» Task instructions
Going through the entries below, count each line containing the word "Mexicana". Report the number only.

» Task material

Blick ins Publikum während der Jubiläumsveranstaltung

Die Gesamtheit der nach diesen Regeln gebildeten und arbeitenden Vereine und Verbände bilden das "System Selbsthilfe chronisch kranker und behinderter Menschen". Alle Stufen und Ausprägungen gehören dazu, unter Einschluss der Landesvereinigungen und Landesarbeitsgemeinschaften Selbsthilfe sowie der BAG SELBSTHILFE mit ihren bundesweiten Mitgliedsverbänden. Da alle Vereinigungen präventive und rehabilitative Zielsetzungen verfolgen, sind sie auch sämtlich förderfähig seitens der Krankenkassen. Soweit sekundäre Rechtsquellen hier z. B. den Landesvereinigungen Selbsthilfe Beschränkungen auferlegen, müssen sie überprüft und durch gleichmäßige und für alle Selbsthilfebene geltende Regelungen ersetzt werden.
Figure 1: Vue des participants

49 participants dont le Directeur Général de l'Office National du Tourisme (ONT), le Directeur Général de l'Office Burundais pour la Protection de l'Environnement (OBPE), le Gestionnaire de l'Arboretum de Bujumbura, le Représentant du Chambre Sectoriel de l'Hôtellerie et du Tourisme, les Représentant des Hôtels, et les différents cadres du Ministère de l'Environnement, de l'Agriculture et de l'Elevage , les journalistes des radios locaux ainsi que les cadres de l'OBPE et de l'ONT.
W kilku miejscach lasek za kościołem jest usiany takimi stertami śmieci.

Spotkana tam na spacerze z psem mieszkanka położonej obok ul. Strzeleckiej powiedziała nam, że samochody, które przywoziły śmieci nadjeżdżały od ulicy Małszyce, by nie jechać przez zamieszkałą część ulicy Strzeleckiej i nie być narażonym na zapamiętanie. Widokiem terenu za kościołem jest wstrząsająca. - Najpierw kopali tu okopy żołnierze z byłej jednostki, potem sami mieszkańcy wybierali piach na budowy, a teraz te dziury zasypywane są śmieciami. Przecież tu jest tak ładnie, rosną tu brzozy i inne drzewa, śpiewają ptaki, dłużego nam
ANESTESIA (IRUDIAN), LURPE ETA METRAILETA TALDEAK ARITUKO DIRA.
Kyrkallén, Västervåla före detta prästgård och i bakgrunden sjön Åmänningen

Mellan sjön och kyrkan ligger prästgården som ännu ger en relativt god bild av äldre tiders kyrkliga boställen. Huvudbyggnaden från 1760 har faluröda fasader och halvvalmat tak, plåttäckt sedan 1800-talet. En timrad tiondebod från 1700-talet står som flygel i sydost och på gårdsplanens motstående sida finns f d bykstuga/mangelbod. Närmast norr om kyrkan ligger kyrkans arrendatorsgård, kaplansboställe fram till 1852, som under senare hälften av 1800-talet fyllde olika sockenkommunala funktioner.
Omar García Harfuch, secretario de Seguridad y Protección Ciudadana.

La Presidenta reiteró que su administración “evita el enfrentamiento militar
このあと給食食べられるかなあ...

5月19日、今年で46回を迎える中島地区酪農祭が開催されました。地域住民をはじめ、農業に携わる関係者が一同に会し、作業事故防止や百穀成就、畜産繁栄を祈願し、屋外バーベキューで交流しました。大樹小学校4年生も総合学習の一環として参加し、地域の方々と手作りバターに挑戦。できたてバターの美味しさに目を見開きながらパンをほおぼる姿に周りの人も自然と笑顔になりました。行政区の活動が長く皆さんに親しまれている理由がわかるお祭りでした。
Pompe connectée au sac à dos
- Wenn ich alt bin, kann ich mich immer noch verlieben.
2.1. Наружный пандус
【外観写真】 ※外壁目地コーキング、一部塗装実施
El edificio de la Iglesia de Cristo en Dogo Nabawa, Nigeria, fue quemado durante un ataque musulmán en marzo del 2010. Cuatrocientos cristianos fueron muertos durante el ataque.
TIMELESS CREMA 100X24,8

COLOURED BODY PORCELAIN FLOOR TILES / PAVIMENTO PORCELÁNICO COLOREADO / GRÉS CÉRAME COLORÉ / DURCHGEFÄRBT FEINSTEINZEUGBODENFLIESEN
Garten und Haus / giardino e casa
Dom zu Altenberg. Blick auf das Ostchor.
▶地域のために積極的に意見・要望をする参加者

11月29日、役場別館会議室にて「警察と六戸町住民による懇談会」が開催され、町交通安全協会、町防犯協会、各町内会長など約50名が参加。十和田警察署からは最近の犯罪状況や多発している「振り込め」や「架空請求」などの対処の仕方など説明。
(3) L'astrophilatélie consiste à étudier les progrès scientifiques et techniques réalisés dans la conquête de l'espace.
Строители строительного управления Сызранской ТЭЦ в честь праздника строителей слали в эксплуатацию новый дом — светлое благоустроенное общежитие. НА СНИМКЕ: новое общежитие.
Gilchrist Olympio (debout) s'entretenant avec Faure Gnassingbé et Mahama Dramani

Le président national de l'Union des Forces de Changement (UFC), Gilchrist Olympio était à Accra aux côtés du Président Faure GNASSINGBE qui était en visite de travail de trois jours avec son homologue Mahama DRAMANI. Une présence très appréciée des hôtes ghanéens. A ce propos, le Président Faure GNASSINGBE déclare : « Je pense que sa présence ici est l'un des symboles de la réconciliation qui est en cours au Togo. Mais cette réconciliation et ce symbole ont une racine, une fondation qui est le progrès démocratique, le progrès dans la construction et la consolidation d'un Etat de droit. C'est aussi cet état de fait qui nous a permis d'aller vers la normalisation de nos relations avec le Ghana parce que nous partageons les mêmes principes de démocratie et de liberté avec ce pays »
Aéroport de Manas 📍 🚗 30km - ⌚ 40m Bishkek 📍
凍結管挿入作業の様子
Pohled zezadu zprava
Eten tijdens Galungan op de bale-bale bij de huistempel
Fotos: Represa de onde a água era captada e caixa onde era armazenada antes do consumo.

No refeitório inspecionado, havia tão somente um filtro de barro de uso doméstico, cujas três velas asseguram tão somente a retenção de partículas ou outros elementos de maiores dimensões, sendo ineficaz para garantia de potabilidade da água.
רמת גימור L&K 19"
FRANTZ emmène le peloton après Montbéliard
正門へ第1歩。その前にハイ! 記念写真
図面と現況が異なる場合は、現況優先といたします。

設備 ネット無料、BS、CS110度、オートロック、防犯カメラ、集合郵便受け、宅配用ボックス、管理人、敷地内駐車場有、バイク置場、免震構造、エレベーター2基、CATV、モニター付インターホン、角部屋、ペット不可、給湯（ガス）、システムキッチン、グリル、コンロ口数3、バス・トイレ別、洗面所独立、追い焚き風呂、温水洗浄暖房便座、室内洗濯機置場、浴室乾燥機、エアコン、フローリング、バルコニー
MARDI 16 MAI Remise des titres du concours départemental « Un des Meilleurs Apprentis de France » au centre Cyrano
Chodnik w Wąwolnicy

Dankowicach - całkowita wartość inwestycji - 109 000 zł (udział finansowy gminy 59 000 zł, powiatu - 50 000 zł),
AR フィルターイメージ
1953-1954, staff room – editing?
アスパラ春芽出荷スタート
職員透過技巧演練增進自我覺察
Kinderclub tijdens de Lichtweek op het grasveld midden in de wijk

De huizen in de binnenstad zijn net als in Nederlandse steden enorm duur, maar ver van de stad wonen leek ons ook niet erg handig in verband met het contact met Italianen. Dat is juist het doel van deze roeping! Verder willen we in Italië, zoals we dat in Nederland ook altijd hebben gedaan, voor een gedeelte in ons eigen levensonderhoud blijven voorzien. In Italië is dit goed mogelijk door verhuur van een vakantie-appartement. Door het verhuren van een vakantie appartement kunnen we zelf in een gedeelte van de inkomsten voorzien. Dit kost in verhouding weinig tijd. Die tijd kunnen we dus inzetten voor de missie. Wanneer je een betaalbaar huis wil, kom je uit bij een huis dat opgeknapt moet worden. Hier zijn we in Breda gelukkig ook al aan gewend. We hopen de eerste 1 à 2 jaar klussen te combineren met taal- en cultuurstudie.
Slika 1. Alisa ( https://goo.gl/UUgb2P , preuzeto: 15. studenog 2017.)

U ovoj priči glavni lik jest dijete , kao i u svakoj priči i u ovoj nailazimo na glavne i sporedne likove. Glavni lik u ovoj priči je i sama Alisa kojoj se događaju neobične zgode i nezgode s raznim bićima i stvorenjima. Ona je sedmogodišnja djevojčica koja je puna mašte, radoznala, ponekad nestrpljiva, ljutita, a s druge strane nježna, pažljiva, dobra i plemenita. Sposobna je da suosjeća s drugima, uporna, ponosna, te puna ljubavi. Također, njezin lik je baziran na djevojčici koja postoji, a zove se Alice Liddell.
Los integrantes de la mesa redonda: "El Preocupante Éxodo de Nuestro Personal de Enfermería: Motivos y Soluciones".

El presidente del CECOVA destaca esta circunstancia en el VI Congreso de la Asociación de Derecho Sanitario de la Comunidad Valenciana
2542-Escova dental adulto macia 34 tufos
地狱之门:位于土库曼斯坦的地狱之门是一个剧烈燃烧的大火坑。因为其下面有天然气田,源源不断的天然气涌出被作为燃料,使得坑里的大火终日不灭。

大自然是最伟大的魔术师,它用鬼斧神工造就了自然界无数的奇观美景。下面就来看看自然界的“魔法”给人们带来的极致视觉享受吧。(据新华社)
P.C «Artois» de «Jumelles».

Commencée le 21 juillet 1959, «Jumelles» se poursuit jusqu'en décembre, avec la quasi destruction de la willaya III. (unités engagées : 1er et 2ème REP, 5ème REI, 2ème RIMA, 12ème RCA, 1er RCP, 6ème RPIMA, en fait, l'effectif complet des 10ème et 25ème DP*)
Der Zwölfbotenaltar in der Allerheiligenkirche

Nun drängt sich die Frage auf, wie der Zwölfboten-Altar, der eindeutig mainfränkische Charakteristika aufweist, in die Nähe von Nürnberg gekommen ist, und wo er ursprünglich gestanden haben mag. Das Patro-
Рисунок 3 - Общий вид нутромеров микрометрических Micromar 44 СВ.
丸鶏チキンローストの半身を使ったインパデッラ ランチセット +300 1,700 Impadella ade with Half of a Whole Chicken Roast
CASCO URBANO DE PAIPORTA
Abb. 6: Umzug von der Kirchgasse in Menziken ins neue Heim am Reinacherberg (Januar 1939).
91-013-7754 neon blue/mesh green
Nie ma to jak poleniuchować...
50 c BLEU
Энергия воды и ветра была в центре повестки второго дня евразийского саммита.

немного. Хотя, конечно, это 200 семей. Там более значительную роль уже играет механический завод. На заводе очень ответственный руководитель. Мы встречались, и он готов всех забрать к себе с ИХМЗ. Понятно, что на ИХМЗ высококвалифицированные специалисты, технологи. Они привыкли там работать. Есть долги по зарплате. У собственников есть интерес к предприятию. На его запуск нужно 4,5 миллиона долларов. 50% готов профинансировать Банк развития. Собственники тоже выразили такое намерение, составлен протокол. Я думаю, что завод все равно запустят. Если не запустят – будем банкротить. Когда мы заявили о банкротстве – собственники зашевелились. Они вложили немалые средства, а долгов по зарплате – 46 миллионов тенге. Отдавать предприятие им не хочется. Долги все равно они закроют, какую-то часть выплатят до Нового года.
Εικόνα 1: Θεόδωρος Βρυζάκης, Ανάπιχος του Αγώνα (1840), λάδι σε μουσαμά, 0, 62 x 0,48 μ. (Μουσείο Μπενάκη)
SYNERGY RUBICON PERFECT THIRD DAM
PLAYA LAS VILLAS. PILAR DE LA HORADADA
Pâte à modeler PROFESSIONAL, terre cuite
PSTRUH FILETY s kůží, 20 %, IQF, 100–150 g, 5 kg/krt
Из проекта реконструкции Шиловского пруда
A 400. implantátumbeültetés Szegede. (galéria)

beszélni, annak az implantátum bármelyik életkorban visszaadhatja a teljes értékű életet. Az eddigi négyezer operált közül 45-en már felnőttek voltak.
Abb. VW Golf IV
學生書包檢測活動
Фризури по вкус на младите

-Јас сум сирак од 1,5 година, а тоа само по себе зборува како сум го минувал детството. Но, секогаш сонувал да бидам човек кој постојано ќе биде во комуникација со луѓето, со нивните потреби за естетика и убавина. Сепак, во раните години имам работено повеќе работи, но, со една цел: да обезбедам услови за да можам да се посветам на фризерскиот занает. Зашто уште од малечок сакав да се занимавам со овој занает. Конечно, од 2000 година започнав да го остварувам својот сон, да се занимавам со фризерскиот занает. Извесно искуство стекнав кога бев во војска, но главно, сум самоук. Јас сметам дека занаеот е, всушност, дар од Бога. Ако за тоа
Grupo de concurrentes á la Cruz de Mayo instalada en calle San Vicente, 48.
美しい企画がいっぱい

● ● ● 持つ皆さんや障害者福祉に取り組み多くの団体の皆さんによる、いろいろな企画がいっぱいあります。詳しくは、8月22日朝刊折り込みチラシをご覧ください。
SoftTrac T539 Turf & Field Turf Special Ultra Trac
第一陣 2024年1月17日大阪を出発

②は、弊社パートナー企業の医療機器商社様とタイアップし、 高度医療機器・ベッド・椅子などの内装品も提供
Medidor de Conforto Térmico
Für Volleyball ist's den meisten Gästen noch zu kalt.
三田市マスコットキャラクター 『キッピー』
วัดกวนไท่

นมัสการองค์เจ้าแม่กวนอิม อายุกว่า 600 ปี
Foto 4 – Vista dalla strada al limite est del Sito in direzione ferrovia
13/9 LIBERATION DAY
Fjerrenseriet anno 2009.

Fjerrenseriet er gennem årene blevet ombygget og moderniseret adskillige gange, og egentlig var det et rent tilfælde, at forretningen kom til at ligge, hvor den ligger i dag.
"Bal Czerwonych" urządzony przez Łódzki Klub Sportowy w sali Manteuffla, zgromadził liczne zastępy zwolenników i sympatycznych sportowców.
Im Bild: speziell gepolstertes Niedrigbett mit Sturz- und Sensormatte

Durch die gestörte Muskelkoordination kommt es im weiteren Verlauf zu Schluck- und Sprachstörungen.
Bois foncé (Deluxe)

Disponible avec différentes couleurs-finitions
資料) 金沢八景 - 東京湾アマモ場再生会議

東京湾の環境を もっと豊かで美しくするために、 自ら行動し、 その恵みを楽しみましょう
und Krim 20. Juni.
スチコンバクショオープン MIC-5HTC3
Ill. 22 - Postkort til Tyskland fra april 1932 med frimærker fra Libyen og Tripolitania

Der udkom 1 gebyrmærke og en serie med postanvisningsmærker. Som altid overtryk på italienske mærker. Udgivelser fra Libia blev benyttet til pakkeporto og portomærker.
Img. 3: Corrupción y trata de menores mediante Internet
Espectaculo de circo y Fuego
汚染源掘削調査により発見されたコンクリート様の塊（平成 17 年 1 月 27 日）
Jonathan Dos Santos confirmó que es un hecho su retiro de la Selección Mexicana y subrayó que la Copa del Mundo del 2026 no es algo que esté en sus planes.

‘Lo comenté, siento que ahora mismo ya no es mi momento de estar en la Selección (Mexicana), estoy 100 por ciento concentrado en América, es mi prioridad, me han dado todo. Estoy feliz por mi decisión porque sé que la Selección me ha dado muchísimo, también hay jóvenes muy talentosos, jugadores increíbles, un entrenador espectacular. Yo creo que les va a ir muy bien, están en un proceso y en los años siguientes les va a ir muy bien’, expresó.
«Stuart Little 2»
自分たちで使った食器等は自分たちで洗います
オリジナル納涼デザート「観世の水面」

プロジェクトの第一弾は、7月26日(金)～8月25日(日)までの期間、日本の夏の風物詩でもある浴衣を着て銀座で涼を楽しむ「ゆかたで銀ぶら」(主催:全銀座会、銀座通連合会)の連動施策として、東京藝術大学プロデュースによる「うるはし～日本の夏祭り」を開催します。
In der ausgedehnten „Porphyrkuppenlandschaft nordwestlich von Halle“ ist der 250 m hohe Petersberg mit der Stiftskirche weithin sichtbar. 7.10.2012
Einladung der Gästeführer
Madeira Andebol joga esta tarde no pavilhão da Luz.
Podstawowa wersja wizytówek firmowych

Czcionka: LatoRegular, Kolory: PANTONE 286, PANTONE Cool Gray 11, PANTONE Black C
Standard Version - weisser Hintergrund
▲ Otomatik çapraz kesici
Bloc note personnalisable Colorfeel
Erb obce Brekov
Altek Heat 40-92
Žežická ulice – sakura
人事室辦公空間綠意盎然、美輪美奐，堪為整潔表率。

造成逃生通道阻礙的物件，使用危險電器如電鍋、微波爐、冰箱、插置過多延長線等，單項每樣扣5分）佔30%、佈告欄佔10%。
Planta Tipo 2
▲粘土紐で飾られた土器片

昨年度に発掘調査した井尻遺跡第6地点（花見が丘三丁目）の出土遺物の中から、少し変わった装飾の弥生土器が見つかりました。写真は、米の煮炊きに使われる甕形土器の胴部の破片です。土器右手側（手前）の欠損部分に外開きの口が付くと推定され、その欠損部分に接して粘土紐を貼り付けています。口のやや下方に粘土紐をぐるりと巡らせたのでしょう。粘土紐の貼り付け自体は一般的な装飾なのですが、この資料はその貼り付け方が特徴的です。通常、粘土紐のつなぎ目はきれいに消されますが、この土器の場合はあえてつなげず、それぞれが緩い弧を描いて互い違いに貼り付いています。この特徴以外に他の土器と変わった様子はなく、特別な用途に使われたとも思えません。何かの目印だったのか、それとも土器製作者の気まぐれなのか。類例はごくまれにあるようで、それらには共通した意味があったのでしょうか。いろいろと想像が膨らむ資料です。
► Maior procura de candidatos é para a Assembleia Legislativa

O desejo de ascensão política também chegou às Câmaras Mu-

» Completed exercise
2